Talking Avatars Get Real
Today’s digest spans full-duplex speech-motion avatars, portrait animation, outfit-personalized 3D humans, speech-LLM reasoning fixes, and raw-waveform zero-shot TTS. A strong day for more natural voices, more expressive bodies, and better spoken reasoning.
DyaPlex overview: partner speech and motion as input; the agent listens, backchannels, and responds with synchronized speech and motion; application scenarios for human-agent/robot interaction and synthetic dyadic interaction generation. From DyaPlex.

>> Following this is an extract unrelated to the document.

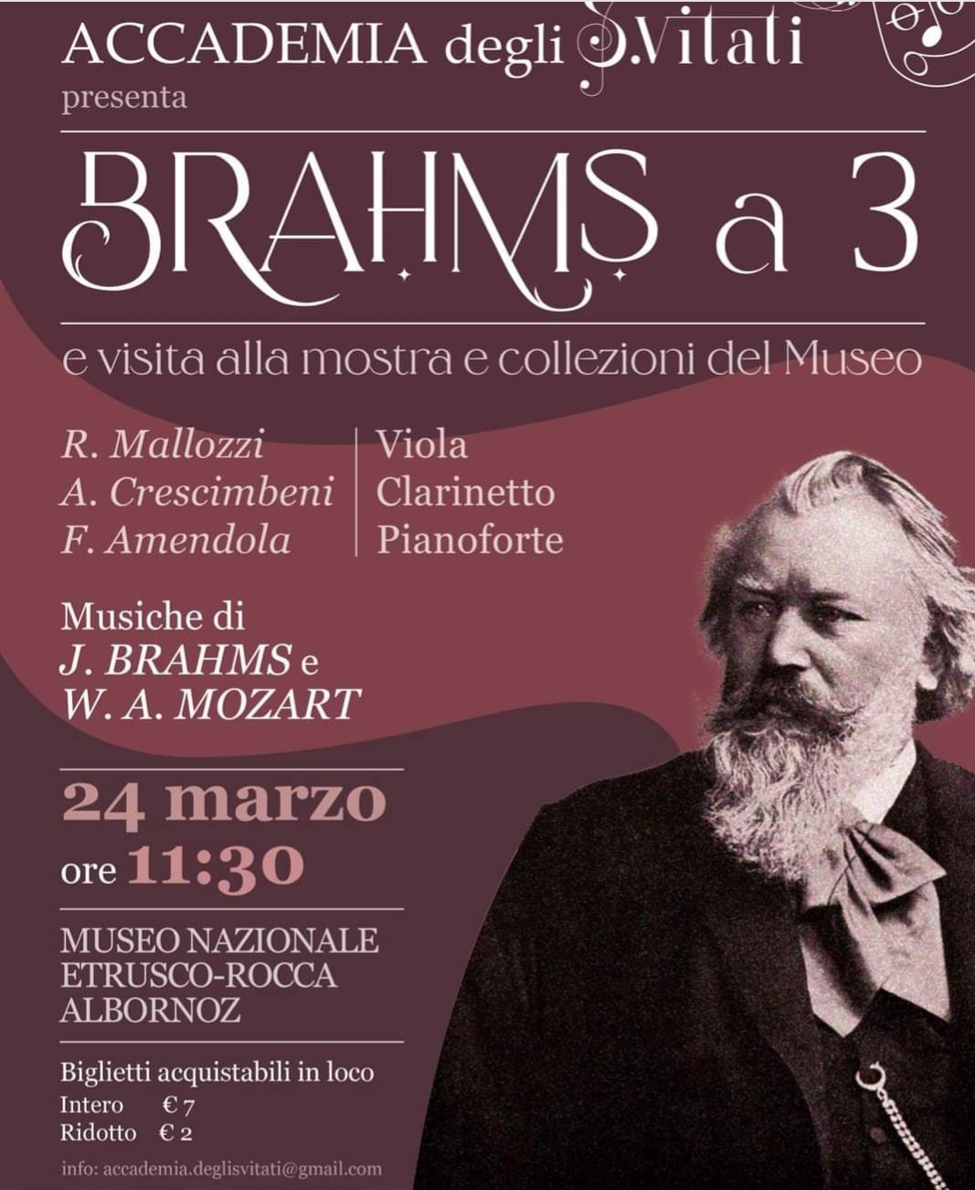 Viterbo, Museo Rocca Albornoz, domani c’è… “Brahms a 3”

Talking Avatars & Embodied Interaction
DyaPlex
DyaPlex: Full-Duplex Speech-Motion Model for Dyadic Interaction
DyaPlex is a streaming full-duplex model that generates synchronized speech and full-body motion for dyadic interactions. It perceives and responds to both partners' speech and motion in real time, enabling natural continuous communication with improved multi-modal coherence for conversational AI agents.
Mamba-Enhanced Implicit Motion
Mamba-Enhanced Implicit Motion Learning for Audio-Driven Portrait Animation
A two-stage implicit motion learning framework for audio-driven portrait animation. It predicts detailed motion features without explicit landmarks using Mamba-enhanced diffusion, delivering high-quality, coherent talking-head and gesture animations from a single image and audio.